A cerimônia, que acolheu protestos e reivindicações identitárias, consagrou o diretor mexicano Guillermo Del Toro e a produção chilena Uma Mulher Fantástica, protagonizado por uma atriz transgênero

Luiz Zanin Oricchio

05 Março 2018 | 13h38

 

Com os discursos das atrizes contra o assédio mais controlados pela organização, a cerimônia do Oscar voltou-se para a diversidade e uma certa afirmação latina. Das minorias, como convém ao momento. O México deve estar em festa – além do triunfo de Guillermo Del Toro (melhor filme e direção), viu a animação Viva – a Vida é uma Festa, baseada na cultura mexicana, ser eleita em sua categoria.

No todo, a cerimônia foi morna e chata, mas não mais do que a média. A premiação, no geral, me pareceu justa, com alguns reparos pontuais. O maior deles: a injustiça cometida com Agnès Varda, cujo extraordinário Visages Villages perdeu para documentário muito inferior, o norte-americano Ícaro. Varda, que receberia um Oscar pela carreira, nem apareceu na transmissão pela TV.

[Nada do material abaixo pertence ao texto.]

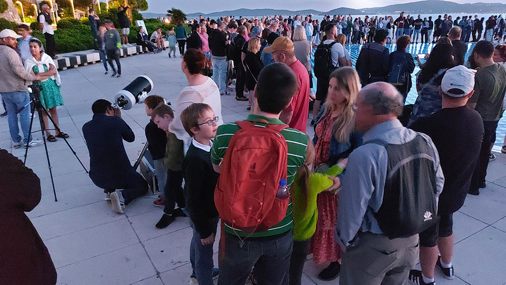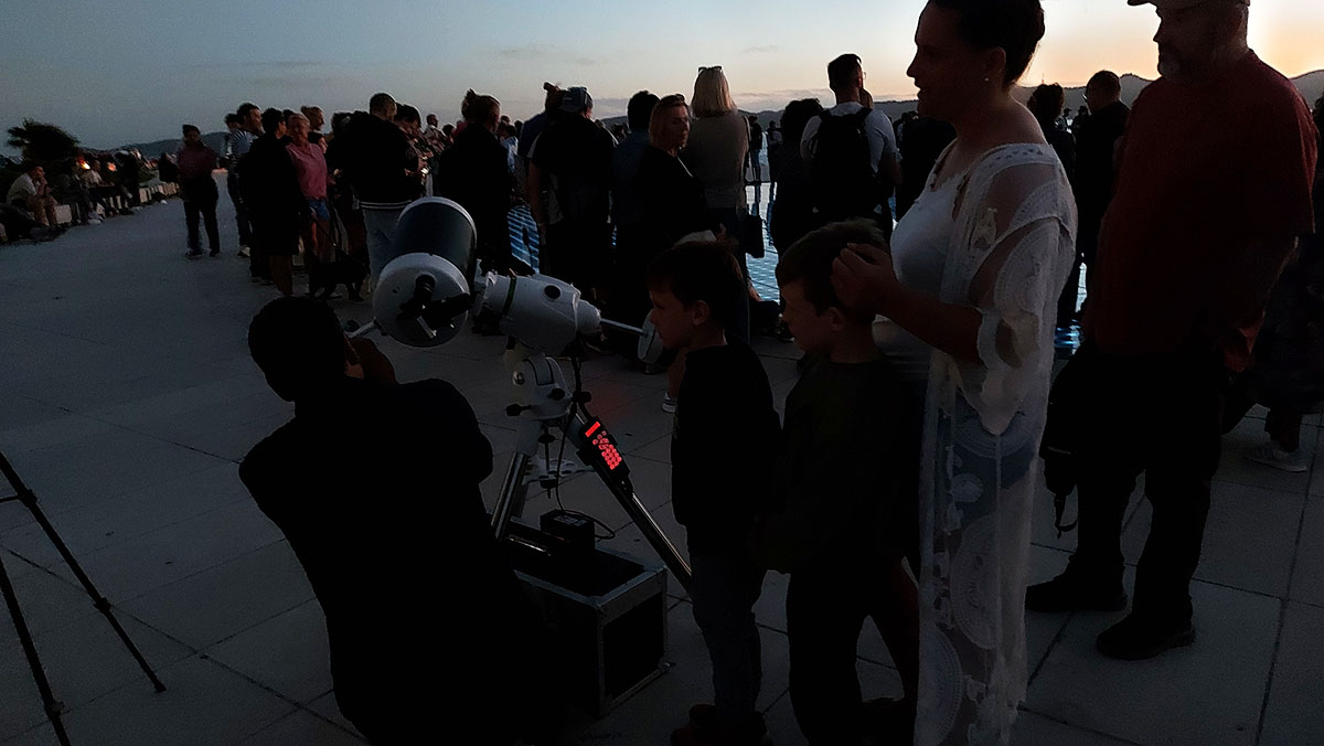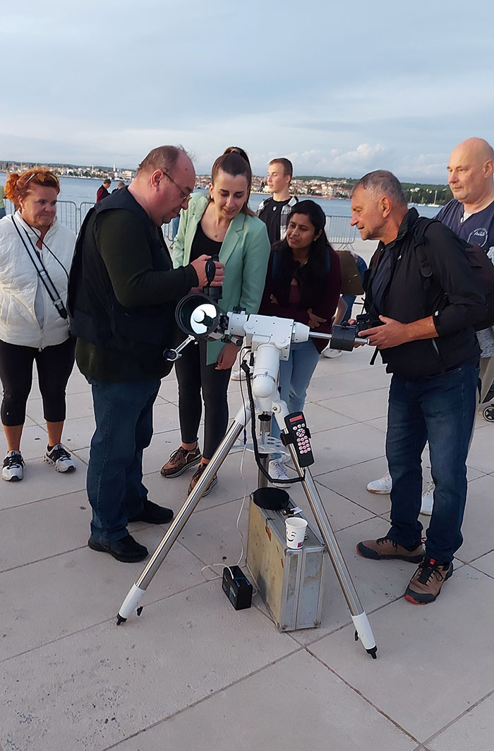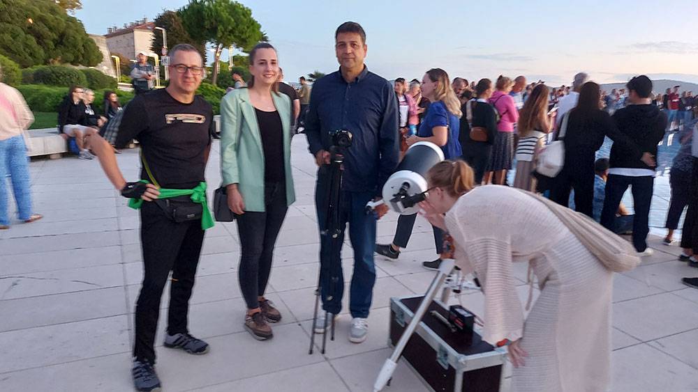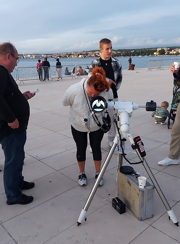 Observing visible objects in the sky through telescopes on the Zadar waterfront during the Sun Greeting in cooperation with the Zadar Astronomical Association and Zadar Library Association.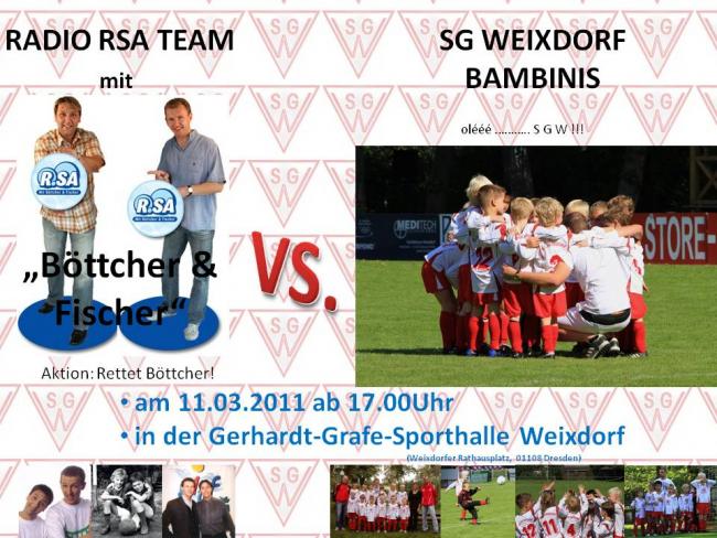 Unter diesem Motto findet am 11.03.2011 ab 17.00 Uhr in der Gerhard-Grafe-Sporthalle Weixdorf ein Freundschaftsspiel unserer Bambini gegen eine „Radio R.SA Auswahl mit Böttcher & Fischer“ statt.

Abaixo, as notas que fui enviando ao jornal ao longo da premiação. Levemente editadas, marcam a marcha da distribuição dos prêmios, na ordem em que se deu.  

Melhor filme

A Forma da Água. Não houve zebra e o mais indicado e apostado acabou mesmo ganhando o prêmio principal. É um prêmio original, pelo gênero do filme, em tese “não premiável”, e pela nacionalidade do diretor. A sacada de Del Toro foi colocar o gênero fantástico num clima de romantismo desbragado, de um lado, e de paranóia da Guerra Fria, de outro. O fato de ser um diretor mexicano, adiciona um tom crítico adicional a esta cerimônia que, no todo, teve um perfil baixo e discreto. As mensagens foram passadas, mas sem o brilho e a marca da surpresa que tiveram no Globo de Ouro. O México deve estar em festa e a mensagem final é a seguinte: abaixo os muros e Viva a Vida!

 

Atriz

Outra bola cantadíssima da noite: melhor atriz, Frances McDormand por seu papel em Três Anúncios para um Crime. Acho mesmo que tinha de ser ela, que já tinha um prêmio por Fargo, quando interpretava uma policial grávida. Agora está inesquecível como a mãe que exige a punição do criminoso que matou sua filha. E ela faz discursos muito engraçados. Emocionou a todos pedindo que as mulheres presentes se levantassem para ser aplaudidas. A questão é “inclusão”, ela disse. Além de ótima atriz, é também muito consciente. E bem-humorada, o que hoje são qualidades difíceis de encontrar juntas.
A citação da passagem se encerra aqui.